ABOUT THIS TASK: Return the lines of the listing below exactly as they appear, beginning at the one with "- Black Dial." and stopping after the one with "볼스피드 더 나오고, 탄도는 낮습니다."; do not include pictures.

RECORD EXCERPTS:
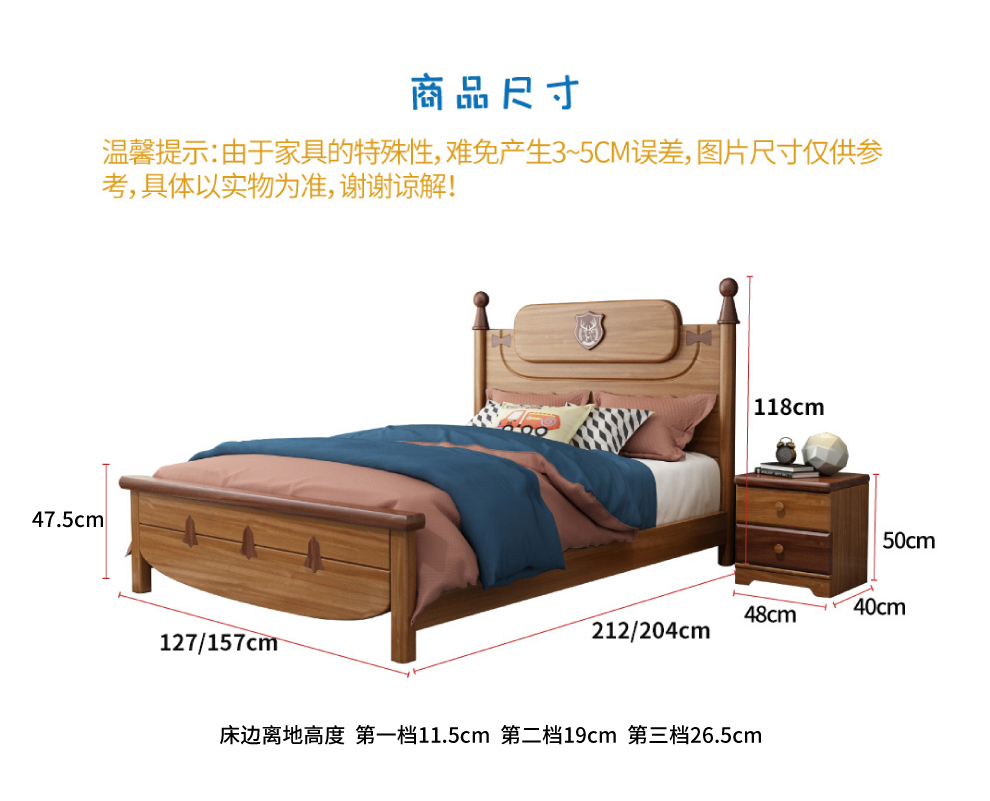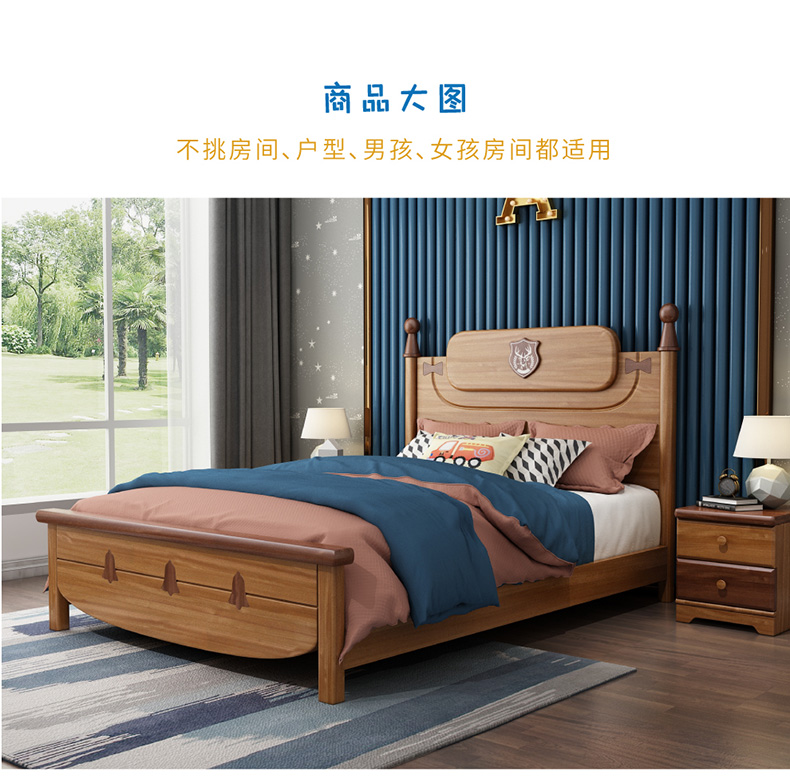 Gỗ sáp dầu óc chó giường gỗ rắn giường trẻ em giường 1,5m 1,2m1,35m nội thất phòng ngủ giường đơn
---
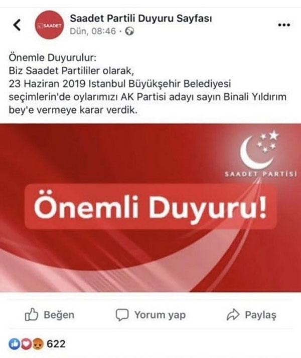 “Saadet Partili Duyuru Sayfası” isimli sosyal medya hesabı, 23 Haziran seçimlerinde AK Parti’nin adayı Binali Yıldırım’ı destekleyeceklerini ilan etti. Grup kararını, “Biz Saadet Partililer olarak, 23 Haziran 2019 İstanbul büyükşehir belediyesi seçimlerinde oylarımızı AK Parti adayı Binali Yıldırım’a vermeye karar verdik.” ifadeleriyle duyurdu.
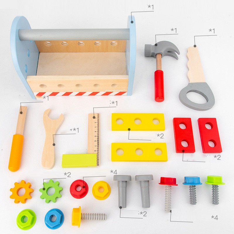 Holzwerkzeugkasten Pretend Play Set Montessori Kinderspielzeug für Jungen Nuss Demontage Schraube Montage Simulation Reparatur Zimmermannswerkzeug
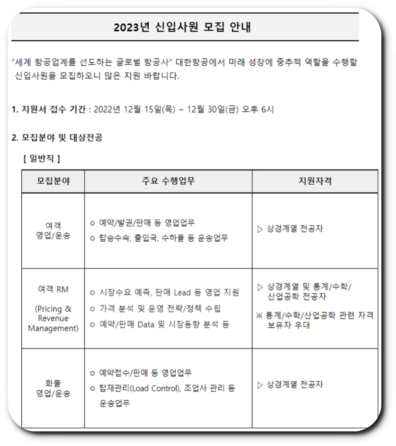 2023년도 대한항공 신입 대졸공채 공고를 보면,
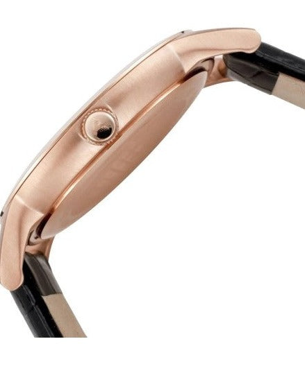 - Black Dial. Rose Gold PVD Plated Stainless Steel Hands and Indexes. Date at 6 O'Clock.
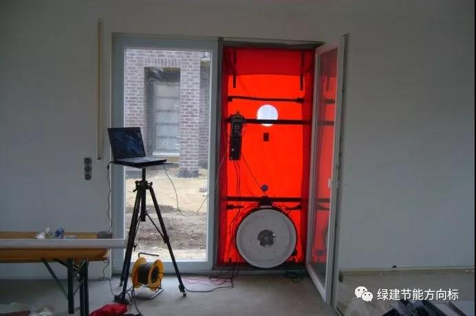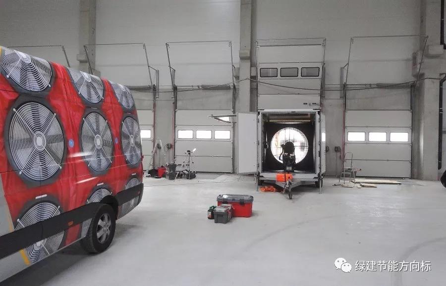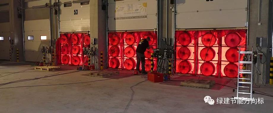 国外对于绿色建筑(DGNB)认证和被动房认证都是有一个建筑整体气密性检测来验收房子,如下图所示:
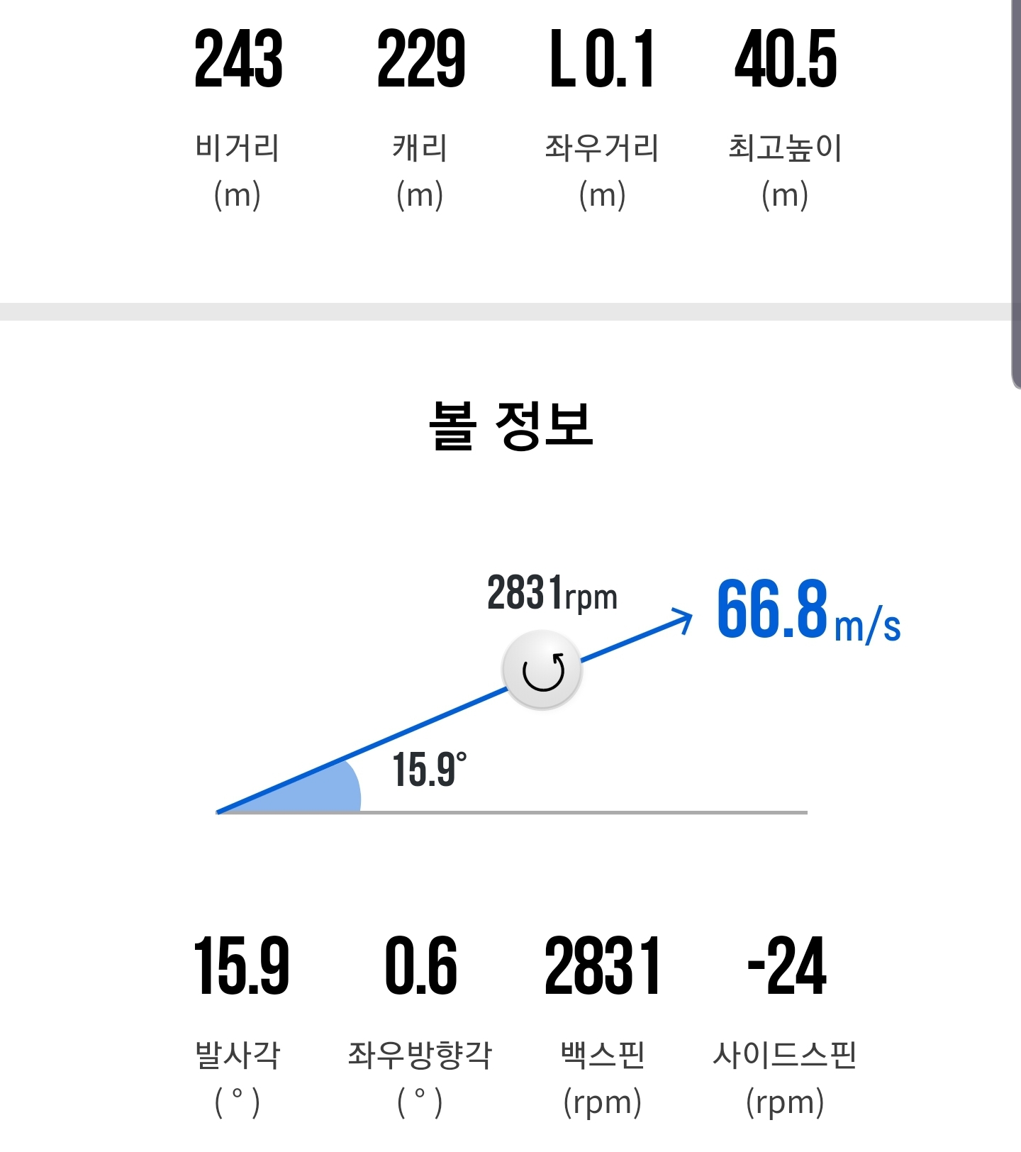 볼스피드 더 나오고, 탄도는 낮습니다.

WRITTEN SOLUTION:
 - Black Dial. Rose Gold PVD Plated Stainless Steel Hands and Indexes. Date at 6 O'Clock.
 国外对于绿色建筑(DGNB)认证和被动房认证都是有一个建筑整体气密性检测来验收房子,如下图所示:
 볼스피드 더 나오고, 탄도는 낮습니다.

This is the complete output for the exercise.